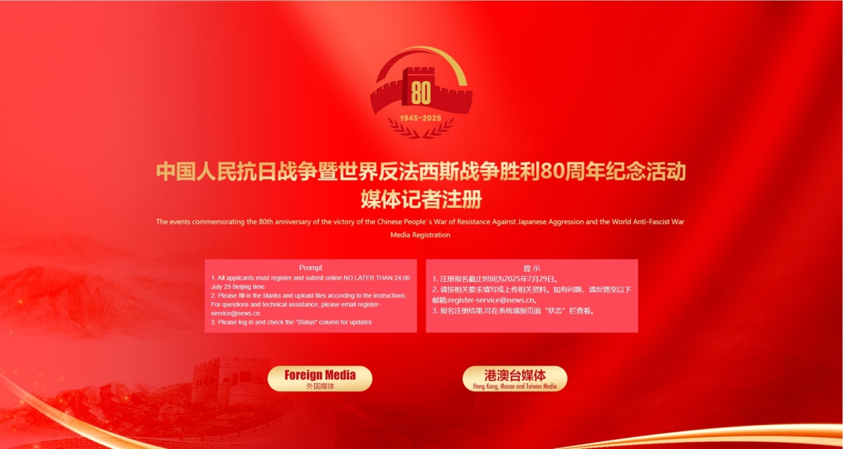據新華社報道,為方便外國媒體記者和港澳台媒體記者提交採訪申請,將開通記者報名註冊系統(http://kzjn80reg.zgjx.cn),歡迎外國媒體記者和港澳台媒體記者通過該系統提交報名註冊申請。採訪報名註冊申請受理時間自2025年7月15日起,至2025年7月29日止。
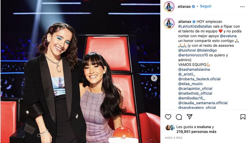 La artista apareció en el reconocido programa "La Voz Kids" de España. Su participación causó sensación al lado de Aitana: "Hoy empiezan #LaVozKidsBatallas, vais a flipar con el talento de mi equipo y no podía contar con mejor apoyo: @evaluna, un honor compartir esto contigo", aseguró la cantante española en sus redes sociales en la que se le ve con Evaluna abrazadas y felices por compartir esta nueva etapa del programa.
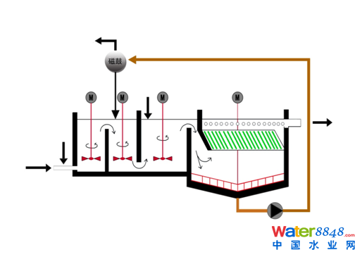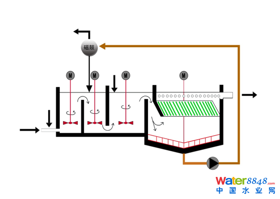 將投加的磁粉負(fù)載在形成的礬花上,極塊地加速后續(xù)的泥水分離,磁粉通過磁鼓回收重復(fù)利用。占地非常小,上升流速60-80m/h
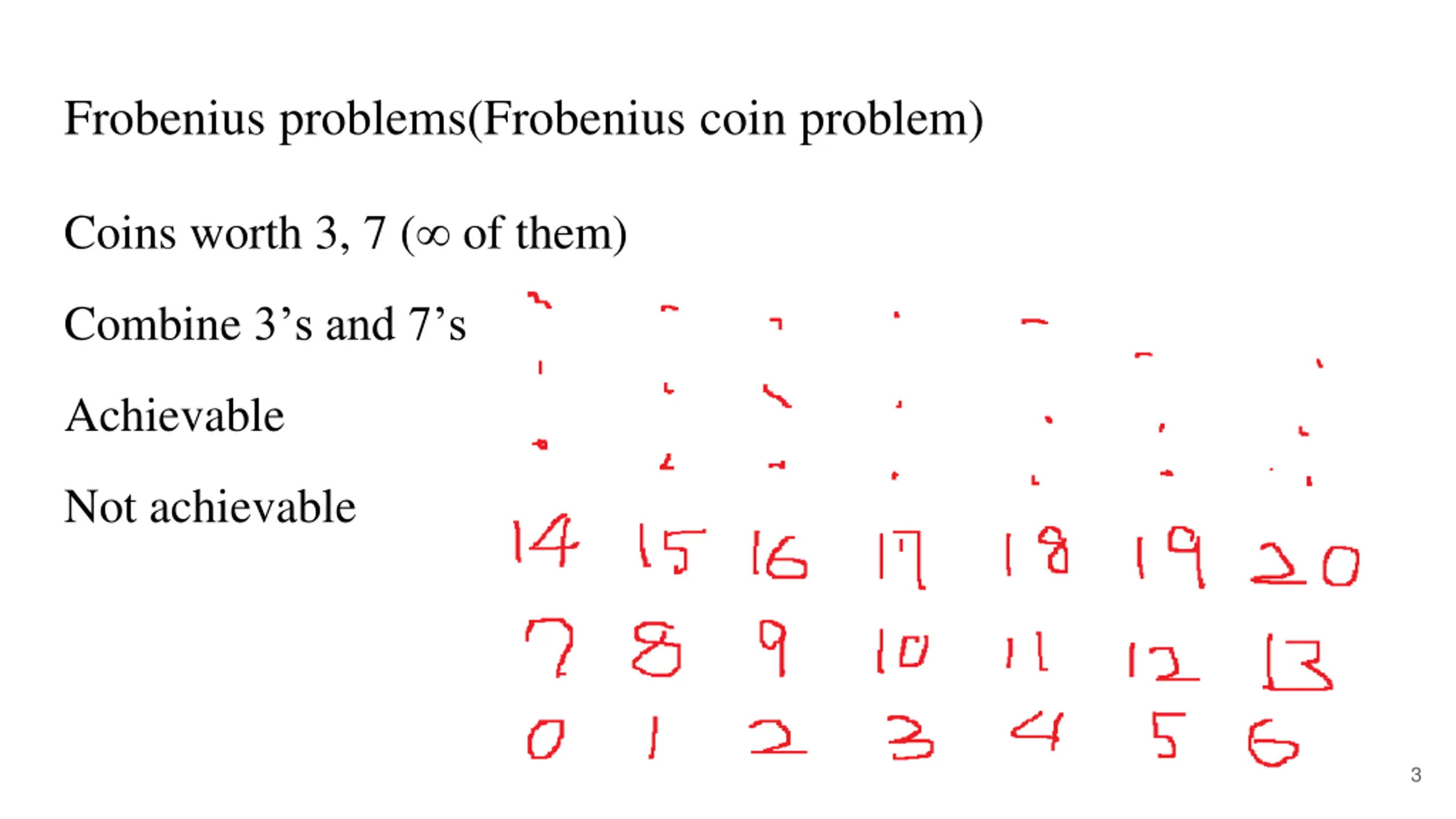 Frobenius problems(Frobenius coin problem) Coins worth 3, 7 ( of them) Combine 3 s and 7 s Achievable Not achievable 3
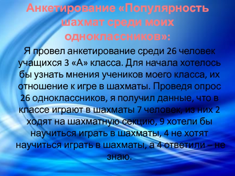 Слайд 20Анкетирование «Популярность шахмат среди моих одноклассников»:
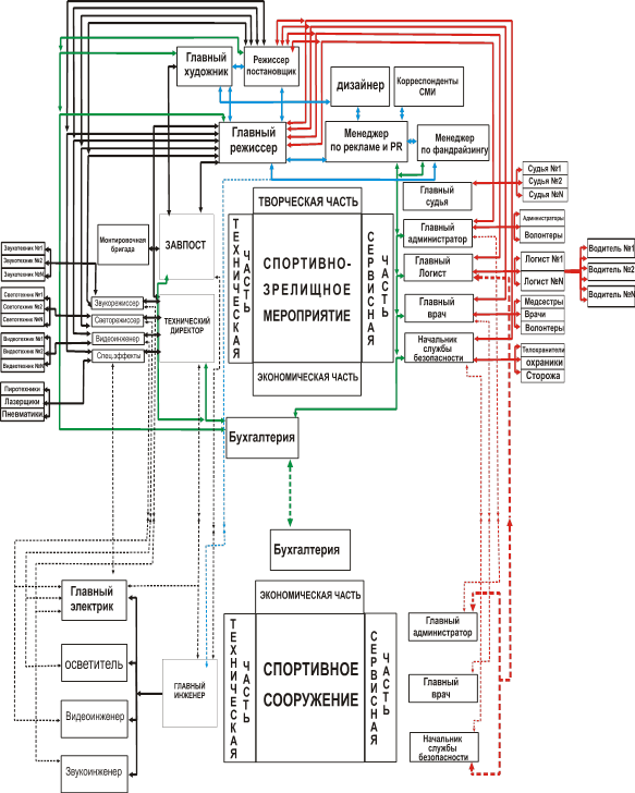 Рис.4. Система внешних и внутренних связей при подготовке спортивно-художественного праздника на спортивном сооружении
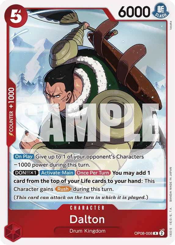 [On Play] Da hasta 1 de tu oponenteLos personajes de ?1000 de potencia durante este turno.[ ¡¡DON!! X1] [Activar: Main] [Una vez por turno] Puedes añadir 1 carta de la parte superior de tus cartas de vida a tu mano: Este personaje gana [Rush] durante este turno.( Esta carta puede atacar en el turno en el que se juega.)
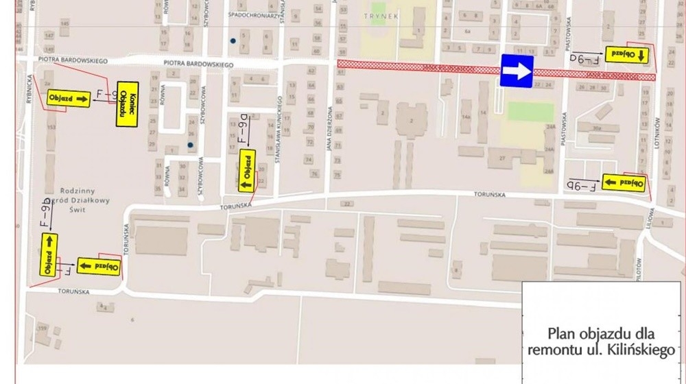 W związku z pracami z ruchu zostanie wyłączona połowa jezdni, będzie obowiązywał ruch jednokierunkowy z wjazdem od ul. Bardowskiego w stronę ul. Lotników. Objazd zostanie poprowadzony ul. Toruńską i Rybnicką. Remont ul. Kilińskiego potrwa około dwóch tygodni.
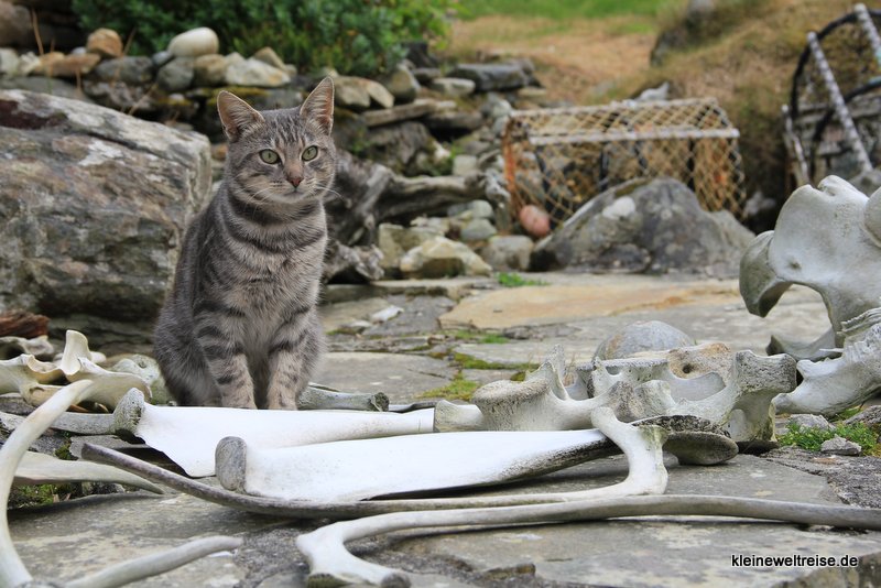 Die Katze sitzt zwischen Walknochen und beobachtet uns, wie wir durch die Ausstellung des einfachen armen Lebens stapfen. Ihr scheint es heute gut zu gehen.
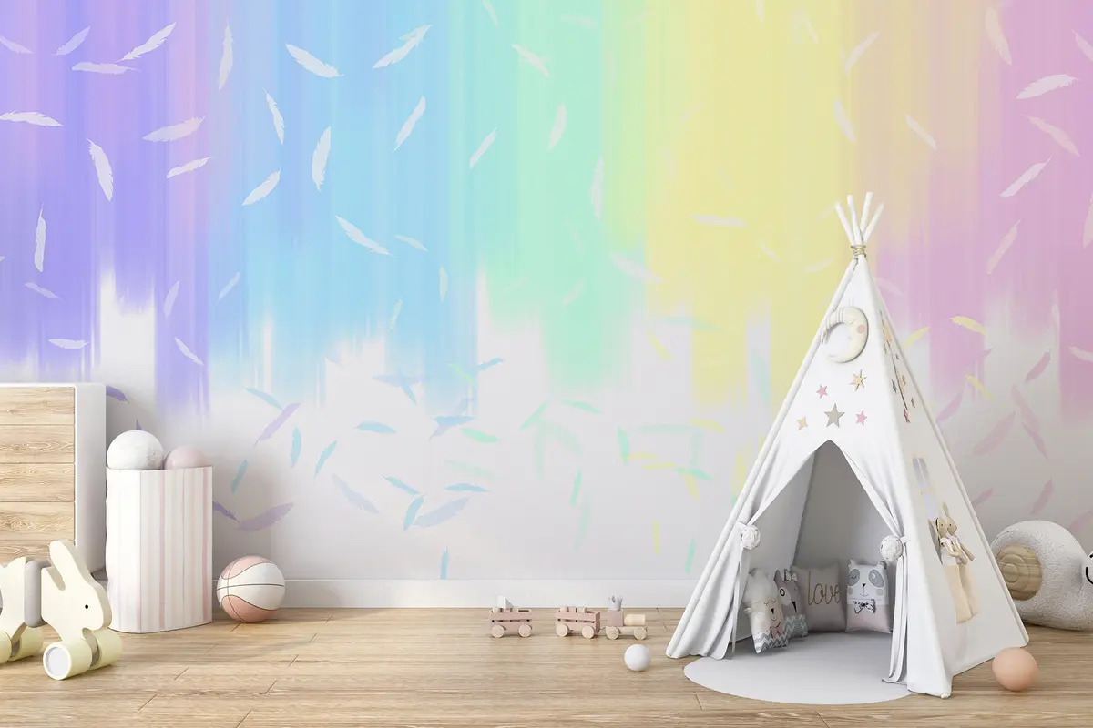Fotomurales Arco iris con plumas, juvenil, cuento de hadas, degradado Nr. u99651
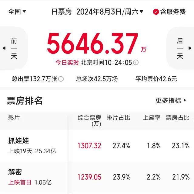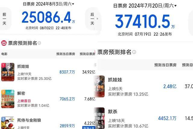 截止发稿前,《抓娃娃》日票房已实现对《解密》的反超,太快了!
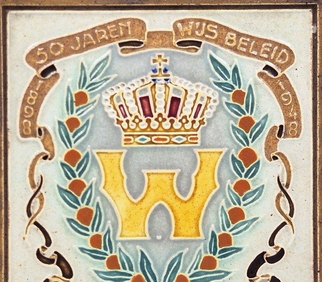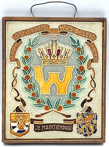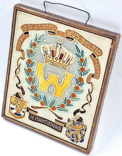 Artikelnummer: A26173Herinneringstegeltje van Westraven, uitgegeven in 1948 met de tekst '50 jaren wijs beleid 1898 - 1948', ter gelegenheid van het regeringsjubileum van koningin Wilhelmina.
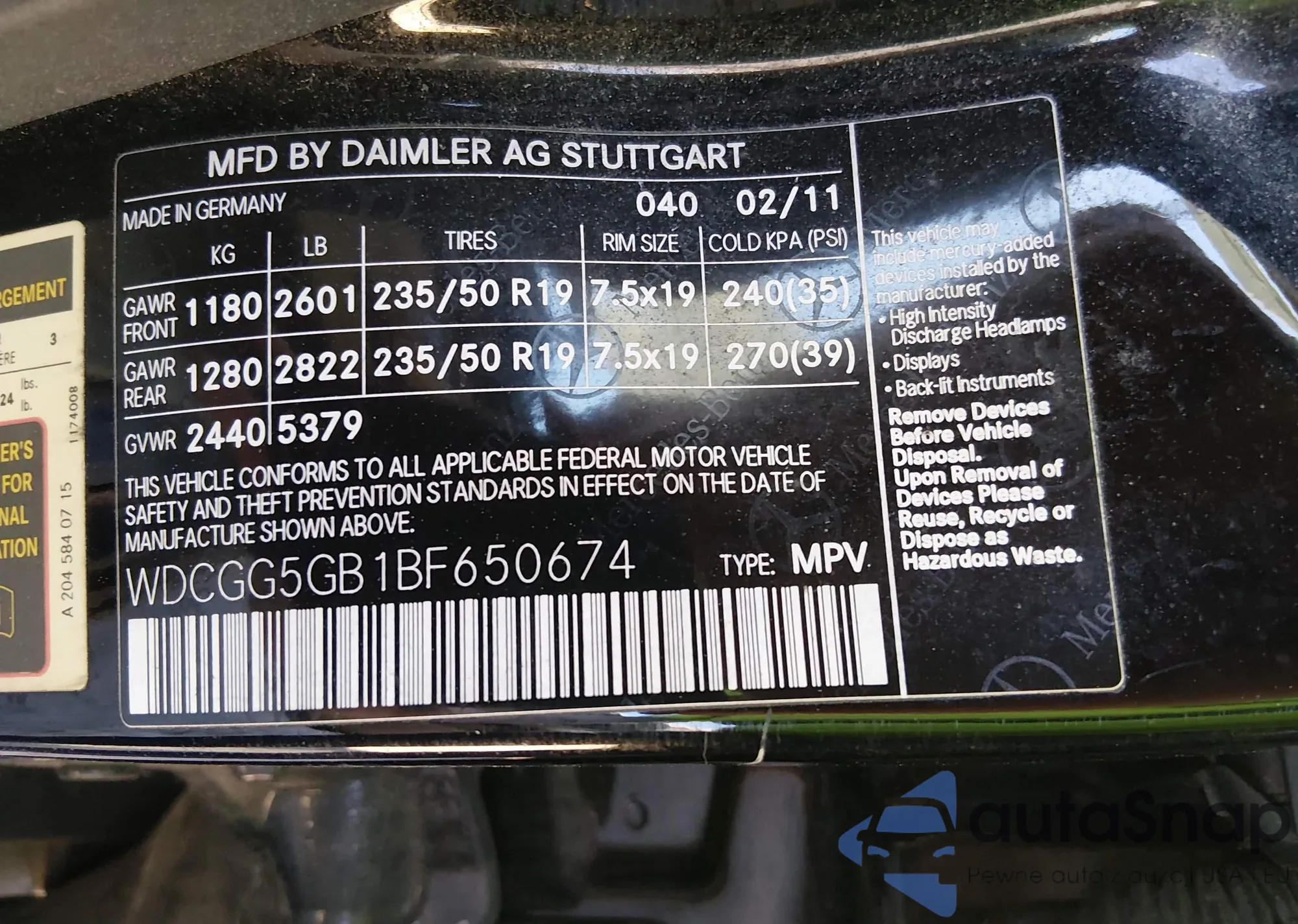 • VIN WDCGG5GB1BF650674

### THE TASK
The stretch above running from the line with "La artista apareció" through the line with "шахмат среди моих" is all you should copy, exactly, leaving out the pictures.

### RESPONSE FOR THIS EXERCISE
 La artista apareció en el reconocido programa "La Voz Kids" de España. Su participación causó sensación al lado de Aitana: "Hoy empiezan #LaVozKidsBatallas, vais a flipar con el talento de mi equipo y no podía contar con mejor apoyo: @evaluna, un honor compartir esto contigo", aseguró la cantante española en sus redes sociales en la que se le ve con Evaluna abrazadas y felices por compartir esta nueva etapa del programa.
 將投加的磁粉負(fù)載在形成的礬花上,極塊地加速后續(xù)的泥水分離,磁粉通過磁鼓回收重復(fù)利用。占地非常小,上升流速60-80m/h
 Frobenius problems(Frobenius coin problem) Coins worth 3, 7 ( of them) Combine 3 s and 7 s Achievable Not achievable 3
 Слайд 20Анкетирование «Популярность шахмат среди моих одноклассников»:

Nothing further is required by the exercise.